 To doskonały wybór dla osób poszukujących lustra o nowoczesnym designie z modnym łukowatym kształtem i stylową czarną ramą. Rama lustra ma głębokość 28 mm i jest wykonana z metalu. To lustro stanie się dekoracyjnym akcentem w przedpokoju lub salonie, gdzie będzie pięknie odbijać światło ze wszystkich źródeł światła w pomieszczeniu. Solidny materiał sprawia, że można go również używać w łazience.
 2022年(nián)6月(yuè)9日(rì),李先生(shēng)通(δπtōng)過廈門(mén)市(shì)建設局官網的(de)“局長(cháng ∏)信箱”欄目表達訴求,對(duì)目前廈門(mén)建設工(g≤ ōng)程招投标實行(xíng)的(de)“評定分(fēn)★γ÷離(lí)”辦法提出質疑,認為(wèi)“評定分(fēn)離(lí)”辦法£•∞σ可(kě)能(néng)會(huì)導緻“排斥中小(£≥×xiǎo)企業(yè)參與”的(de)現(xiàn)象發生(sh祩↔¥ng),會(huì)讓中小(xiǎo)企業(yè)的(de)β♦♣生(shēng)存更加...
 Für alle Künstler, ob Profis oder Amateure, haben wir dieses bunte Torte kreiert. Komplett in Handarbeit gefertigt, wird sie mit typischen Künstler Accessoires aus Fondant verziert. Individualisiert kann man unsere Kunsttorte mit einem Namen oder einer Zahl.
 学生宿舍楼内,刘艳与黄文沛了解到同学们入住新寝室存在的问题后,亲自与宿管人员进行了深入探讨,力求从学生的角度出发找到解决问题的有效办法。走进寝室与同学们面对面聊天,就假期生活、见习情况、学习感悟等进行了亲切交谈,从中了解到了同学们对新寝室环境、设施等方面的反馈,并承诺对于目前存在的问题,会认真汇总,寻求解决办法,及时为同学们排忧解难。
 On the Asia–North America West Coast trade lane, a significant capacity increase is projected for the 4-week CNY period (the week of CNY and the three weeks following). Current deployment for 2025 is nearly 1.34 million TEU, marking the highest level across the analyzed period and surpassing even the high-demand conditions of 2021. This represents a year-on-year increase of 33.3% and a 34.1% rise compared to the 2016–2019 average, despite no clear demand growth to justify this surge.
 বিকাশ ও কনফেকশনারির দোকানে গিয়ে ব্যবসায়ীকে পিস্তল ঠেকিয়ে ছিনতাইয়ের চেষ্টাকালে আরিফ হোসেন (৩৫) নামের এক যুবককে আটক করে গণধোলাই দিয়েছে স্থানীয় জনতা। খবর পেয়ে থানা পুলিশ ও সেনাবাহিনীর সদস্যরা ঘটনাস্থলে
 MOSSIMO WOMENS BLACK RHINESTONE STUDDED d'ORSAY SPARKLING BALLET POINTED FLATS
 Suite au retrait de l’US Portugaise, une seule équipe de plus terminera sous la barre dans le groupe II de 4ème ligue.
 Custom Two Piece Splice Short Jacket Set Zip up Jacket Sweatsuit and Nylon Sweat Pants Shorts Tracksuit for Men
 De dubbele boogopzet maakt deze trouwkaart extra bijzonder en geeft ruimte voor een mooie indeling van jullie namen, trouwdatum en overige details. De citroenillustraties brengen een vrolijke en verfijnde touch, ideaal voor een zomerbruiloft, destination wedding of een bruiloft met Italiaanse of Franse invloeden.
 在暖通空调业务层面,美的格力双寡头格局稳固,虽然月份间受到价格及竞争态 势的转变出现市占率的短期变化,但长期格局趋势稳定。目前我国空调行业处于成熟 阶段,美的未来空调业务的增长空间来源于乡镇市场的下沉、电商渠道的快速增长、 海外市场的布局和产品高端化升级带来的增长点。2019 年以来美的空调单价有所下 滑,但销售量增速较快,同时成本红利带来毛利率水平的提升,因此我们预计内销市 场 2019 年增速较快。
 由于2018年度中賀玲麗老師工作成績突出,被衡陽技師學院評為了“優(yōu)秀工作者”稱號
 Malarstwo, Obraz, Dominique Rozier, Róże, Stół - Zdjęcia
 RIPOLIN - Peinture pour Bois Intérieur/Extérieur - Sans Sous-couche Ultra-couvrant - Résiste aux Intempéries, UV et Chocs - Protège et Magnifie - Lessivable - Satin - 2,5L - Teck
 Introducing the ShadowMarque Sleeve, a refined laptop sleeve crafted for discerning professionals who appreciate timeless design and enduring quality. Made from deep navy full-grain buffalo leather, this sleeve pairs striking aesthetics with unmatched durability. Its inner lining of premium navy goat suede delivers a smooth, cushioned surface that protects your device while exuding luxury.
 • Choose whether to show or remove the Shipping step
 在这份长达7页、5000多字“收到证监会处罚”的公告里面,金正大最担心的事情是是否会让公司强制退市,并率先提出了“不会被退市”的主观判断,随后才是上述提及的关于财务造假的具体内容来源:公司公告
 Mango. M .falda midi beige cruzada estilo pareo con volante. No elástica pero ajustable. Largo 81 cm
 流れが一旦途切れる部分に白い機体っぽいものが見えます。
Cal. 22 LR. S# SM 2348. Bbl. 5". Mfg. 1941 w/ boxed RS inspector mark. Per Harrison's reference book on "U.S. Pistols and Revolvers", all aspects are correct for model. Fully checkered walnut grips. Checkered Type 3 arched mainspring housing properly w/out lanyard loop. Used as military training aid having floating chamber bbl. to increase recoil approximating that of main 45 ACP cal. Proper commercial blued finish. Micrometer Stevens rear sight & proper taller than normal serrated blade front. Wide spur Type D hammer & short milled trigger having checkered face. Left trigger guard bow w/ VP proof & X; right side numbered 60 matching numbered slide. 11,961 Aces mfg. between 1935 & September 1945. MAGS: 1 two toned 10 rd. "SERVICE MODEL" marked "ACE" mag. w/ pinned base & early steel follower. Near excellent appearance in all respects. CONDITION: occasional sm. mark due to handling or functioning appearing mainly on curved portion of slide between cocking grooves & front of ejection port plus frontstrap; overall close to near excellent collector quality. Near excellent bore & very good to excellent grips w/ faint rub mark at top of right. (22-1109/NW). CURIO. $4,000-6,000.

▬▬▬

Task brief |
Set down each entry again, unchanged.

Answer box |
 To doskonały wybór dla osób poszukujących lustra o nowoczesnym designie z modnym łukowatym kształtem i stylową czarną ramą. Rama lustra ma głębokość 28 mm i jest wykonana z metalu. To lustro stanie się dekoracyjnym akcentem w przedpokoju lub salonie, gdzie będzie pięknie odbijać światło ze wszystkich źródeł światła w pomieszczeniu. Solidny materiał sprawia, że można go również używać w łazience.
 2022年(nián)6月(yuè)9日(rì),李先生(shēng)通(δπtōng)過廈門(mén)市(shì)建設局官網的(de)“局長(cháng ∏)信箱”欄目表達訴求,對(duì)目前廈門(mén)建設工(g≤ ōng)程招投标實行(xíng)的(de)“評定分(fēn)★γ÷離(lí)”辦法提出質疑,認為(wèi)“評定分(fēn)離(lí)”辦法£•∞σ可(kě)能(néng)會(huì)導緻“排斥中小(£≥×xiǎo)企業(yè)參與”的(de)現(xiàn)象發生(sh祩↔¥ng),會(huì)讓中小(xiǎo)企業(yè)的(de)β♦♣生(shēng)存更加...
 Für alle Künstler, ob Profis oder Amateure, haben wir dieses bunte Torte kreiert. Komplett in Handarbeit gefertigt, wird sie mit typischen Künstler Accessoires aus Fondant verziert. Individualisiert kann man unsere Kunsttorte mit einem Namen oder einer Zahl.
 学生宿舍楼内,刘艳与黄文沛了解到同学们入住新寝室存在的问题后,亲自与宿管人员进行了深入探讨,力求从学生的角度出发找到解决问题的有效办法。走进寝室与同学们面对面聊天,就假期生活、见习情况、学习感悟等进行了亲切交谈,从中了解到了同学们对新寝室环境、设施等方面的反馈,并承诺对于目前存在的问题,会认真汇总,寻求解决办法,及时为同学们排忧解难。
 On the Asia–North America West Coast trade lane, a significant capacity increase is projected for the 4-week CNY period (the week of CNY and the three weeks following). Current deployment for 2025 is nearly 1.34 million TEU, marking the highest level across the analyzed period and surpassing even the high-demand conditions of 2021. This represents a year-on-year increase of 33.3% and a 34.1% rise compared to the 2016–2019 average, despite no clear demand growth to justify this surge.
 বিকাশ ও কনফেকশনারির দোকানে গিয়ে ব্যবসায়ীকে পিস্তল ঠেকিয়ে ছিনতাইয়ের চেষ্টাকালে আরিফ হোসেন (৩৫) নামের এক যুবককে আটক করে গণধোলাই দিয়েছে স্থানীয় জনতা। খবর পেয়ে থানা পুলিশ ও সেনাবাহিনীর সদস্যরা ঘটনাস্থলে
 MOSSIMO WOMENS BLACK RHINESTONE STUDDED d'ORSAY SPARKLING BALLET POINTED FLATS
 Suite au retrait de l’US Portugaise, une seule équipe de plus terminera sous la barre dans le groupe II de 4ème ligue.
 Custom Two Piece Splice Short Jacket Set Zip up Jacket Sweatsuit and Nylon Sweat Pants Shorts Tracksuit for Men
 De dubbele boogopzet maakt deze trouwkaart extra bijzonder en geeft ruimte voor een mooie indeling van jullie namen, trouwdatum en overige details. De citroenillustraties brengen een vrolijke en verfijnde touch, ideaal voor een zomerbruiloft, destination wedding of een bruiloft met Italiaanse of Franse invloeden.
 在暖通空调业务层面,美的格力双寡头格局稳固,虽然月份间受到价格及竞争态 势的转变出现市占率的短期变化,但长期格局趋势稳定。目前我国空调行业处于成熟 阶段,美的未来空调业务的增长空间来源于乡镇市场的下沉、电商渠道的快速增长、 海外市场的布局和产品高端化升级带来的增长点。2019 年以来美的空调单价有所下 滑,但销售量增速较快,同时成本红利带来毛利率水平的提升,因此我们预计内销市 场 2019 年增速较快。
 由于2018年度中賀玲麗老師工作成績突出,被衡陽技師學院評為了“優(yōu)秀工作者”稱號
 Malarstwo, Obraz, Dominique Rozier, Róże, Stół - Zdjęcia
 RIPOLIN - Peinture pour Bois Intérieur/Extérieur - Sans Sous-couche Ultra-couvrant - Résiste aux Intempéries, UV et Chocs - Protège et Magnifie - Lessivable - Satin - 2,5L - Teck
 Introducing the ShadowMarque Sleeve, a refined laptop sleeve crafted for discerning professionals who appreciate timeless design and enduring quality. Made from deep navy full-grain buffalo leather, this sleeve pairs striking aesthetics with unmatched durability. Its inner lining of premium navy goat suede delivers a smooth, cushioned surface that protects your device while exuding luxury.
 • Choose whether to show or remove the Shipping step
 在这份长达7页、5000多字“收到证监会处罚”的公告里面,金正大最担心的事情是是否会让公司强制退市,并率先提出了“不会被退市”的主观判断,随后才是上述提及的关于财务造假的具体内容来源:公司公告
 Mango. M .falda midi beige cruzada estilo pareo con volante. No elástica pero ajustable. Largo 81 cm
 流れが一旦途切れる部分に白い機体っぽいものが見えます。
Cal. 22 LR. S# SM 2348. Bbl. 5". Mfg. 1941 w/ boxed RS inspector mark. Per Harrison's reference book on "U.S. Pistols and Revolvers", all aspects are correct for model. Fully checkered walnut grips. Checkered Type 3 arched mainspring housing properly w/out lanyard loop. Used as military training aid having floating chamber bbl. to increase recoil approximating that of main 45 ACP cal. Proper commercial blued finish. Micrometer Stevens rear sight & proper taller than normal serrated blade front. Wide spur Type D hammer & short milled trigger having checkered face. Left trigger guard bow w/ VP proof & X; right side numbered 60 matching numbered slide. 11,961 Aces mfg. between 1935 & September 1945. MAGS: 1 two toned 10 rd. "SERVICE MODEL" marked "ACE" mag. w/ pinned base & early steel follower. Near excellent appearance in all respects. CONDITION: occasional sm. mark due to handling or functioning appearing mainly on curved portion of slide between cocking grooves & front of ejection port plus frontstrap; overall close to near excellent collector quality. Near excellent bore & very good to excellent grips w/ faint rub mark at top of right. (22-1109/NW). CURIO. $4,000-6,000.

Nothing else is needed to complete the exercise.